Nonmodular approaches see learning as a general process irrespective of object. For example, in this perspective, such processes as hypothesis testing, generalization, analogy automatization, and so on, apply equally to any learning task – linguistic or otherwise (McLaughlin, 1987). A very antimodular approach to language learning is taken by advocates of connectionist models (e.g., Rumelhart, McClelland, & the PDP Research Group, 1986). Connectionists do away with rules, structures, and so on, and instead see learning as the relative strengthening or spreading activation of associations, or connections, between interconnected units or nodes. Reference Candlin, C. N. (Ed.) (1994). Second Language Learning: Theoretical Foundations. Longman. Romaine, S (1996). Logical and Developmental Problems. In Ritchie, W. C. & Bhatia, T. K. (Eds.), Handbook of Second Language Acquisition (pp. 571-604). Academic Press.

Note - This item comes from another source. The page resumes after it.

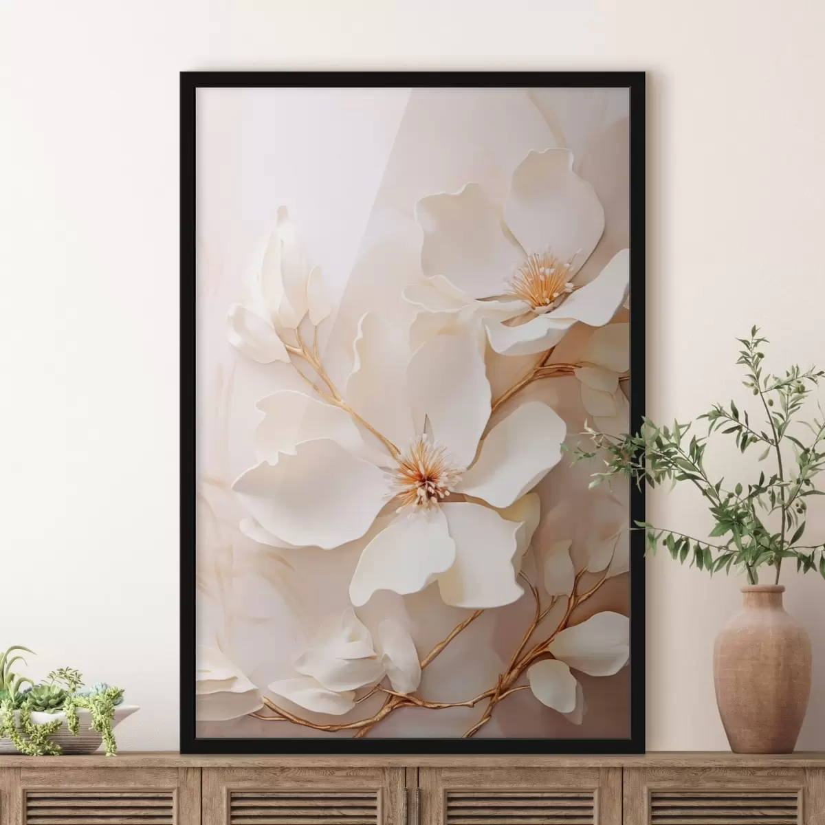 Plakát a sziklán Könnyed virágok vékony ágakkal pasztell háttér előtt f48348

10. Acculturation Second language learning is often second culture learning. In order to understand just what second culture learning, one needs to understand the nature of acculturation. Acculturation refers to the process of becoming adapted to a new culture (Brown, 1994). Cook (2001) defines that acculturation refers to the ways in which second language users adapt to life with two languages. According to Brown (1994), there are successive stages of acculturation. He says the first stage is the period of excitement and euphoria over the neswness of the surroundings. The second stage – culture shock – emerges as individuals feel the intrusion of more and more cultural differences into their own images of self and security. Persons undergoing culture shock view their new world out of resentment and alternate between being angry at others for not understanding them and being filled with self-pity. The third stage is one of gradual, and at first tentative and vacillating, recovery. This stage is called cultural stress, some problems of acculturation are solved while other problems continue for some time (Larson and smalley, 1972). In this stage, individuals begin to accept the differences in thinking and feeling second culture. The fourth stage represents near or full recover, either assimilation or adaptation, acceptance of the new culture and self-confidence in the “new ” person that has developed in this culture. 27

Reference Brown, H. D. (1994). Principles of Language Learning and Teaching. Prentice Hall.